REQUIREMENT: Only the text of the entries below should be returned, exactly as given, without pictures.
☆ ☆ ☆ ☆ ☆
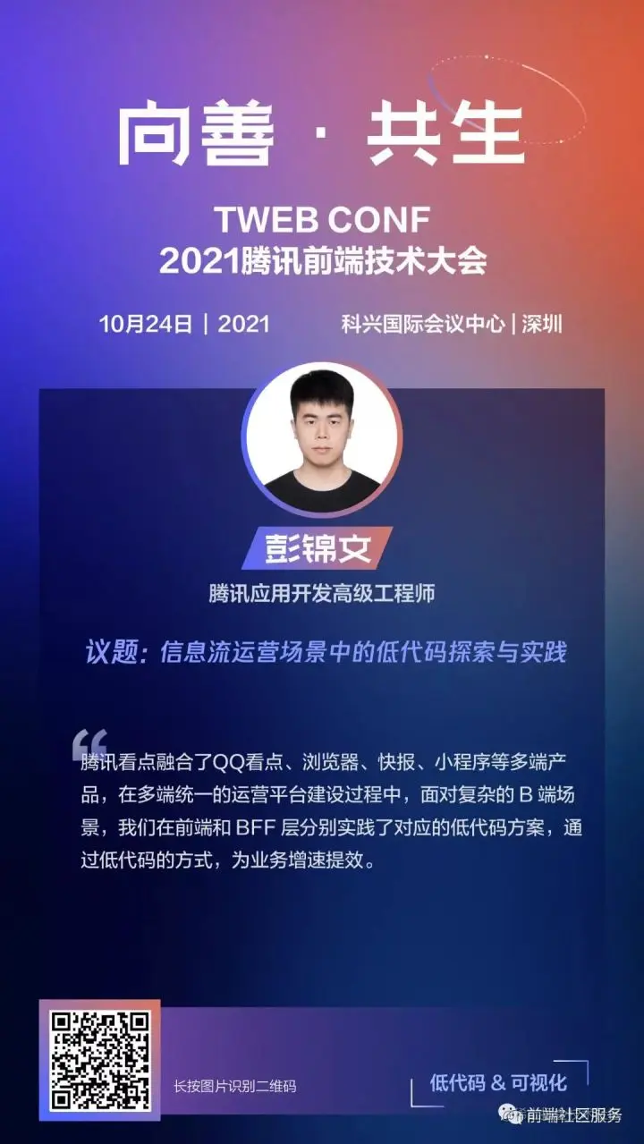 本会场会先由腾讯视频、腾讯云、腾讯看点的三位专家,分别带来管理平台和Web/小程序应用搭建的三套解决方案。视频与看点的方案更侧重低代码的编辑器,腾讯云则更侧重于Serverless在低代码平台上的串联。
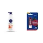 Nivea Body Lotion, Extra Whitening Cell Repair SPF 15, For All Skin Types, 400ml & Lip Balm, Fruity Blackberry Shine, 4.8g
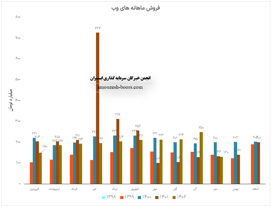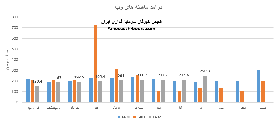 فروش آذر ماه سال 1402 سهم های وب 250.3 میلیارد تومان گزارش شده است، تغییرات درآمدی های وب به شرح زیر میباشد:
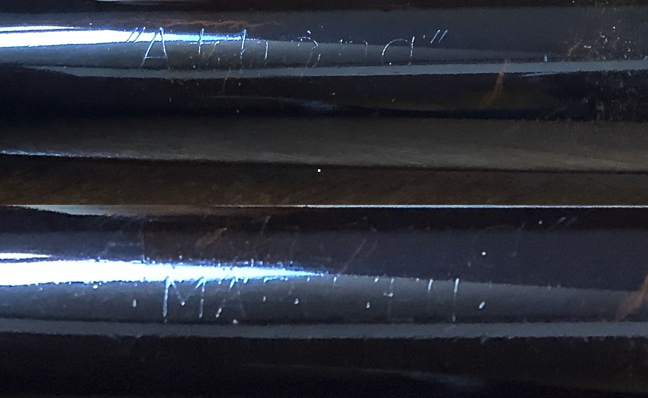 Il pennino presentava una rebbio storto in prossimità della punta in lega , con il grande rischio di far saltare via quest'ultima , nel tentativo di raddrizzare il pennino (motivo per il quale la penna è stata poco "considerata" e con costo molto ragionevole).
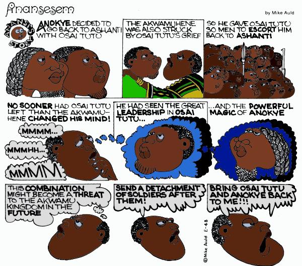 This Anansesem was a researched, published comic strip of a folkloric story about the Golden Stool of Ashanti, Asantihene Osei Tutu and his cousin Okomfo Anokye, the Priest and the founders of the Ashanti Confederacy.
☆ ☆ ☆ ☆ ☆
EXPECTED OUTPUT:
 本会场会先由腾讯视频、腾讯云、腾讯看点的三位专家,分别带来管理平台和Web/小程序应用搭建的三套解决方案。视频与看点的方案更侧重低代码的编辑器,腾讯云则更侧重于Serverless在低代码平台上的串联。
 Nivea Body Lotion, Extra Whitening Cell Repair SPF 15, For All Skin Types, 400ml & Lip Balm, Fruity Blackberry Shine, 4.8g
 فروش آذر ماه سال 1402 سهم های وب 250.3 میلیارد تومان گزارش شده است، تغییرات درآمدی های وب به شرح زیر میباشد:
 Il pennino presentava una rebbio storto in prossimità della punta in lega , con il grande rischio di far saltare via quest'ultima , nel tentativo di raddrizzare il pennino (motivo per il quale la penna è stata poco "considerata" e con costo molto ragionevole).
 This Anansesem was a researched, published comic strip of a folkloric story about the Golden Stool of Ashanti, Asantihene Osei Tutu and his cousin Okomfo Anokye, the Priest and the founders of the Ashanti Confederacy.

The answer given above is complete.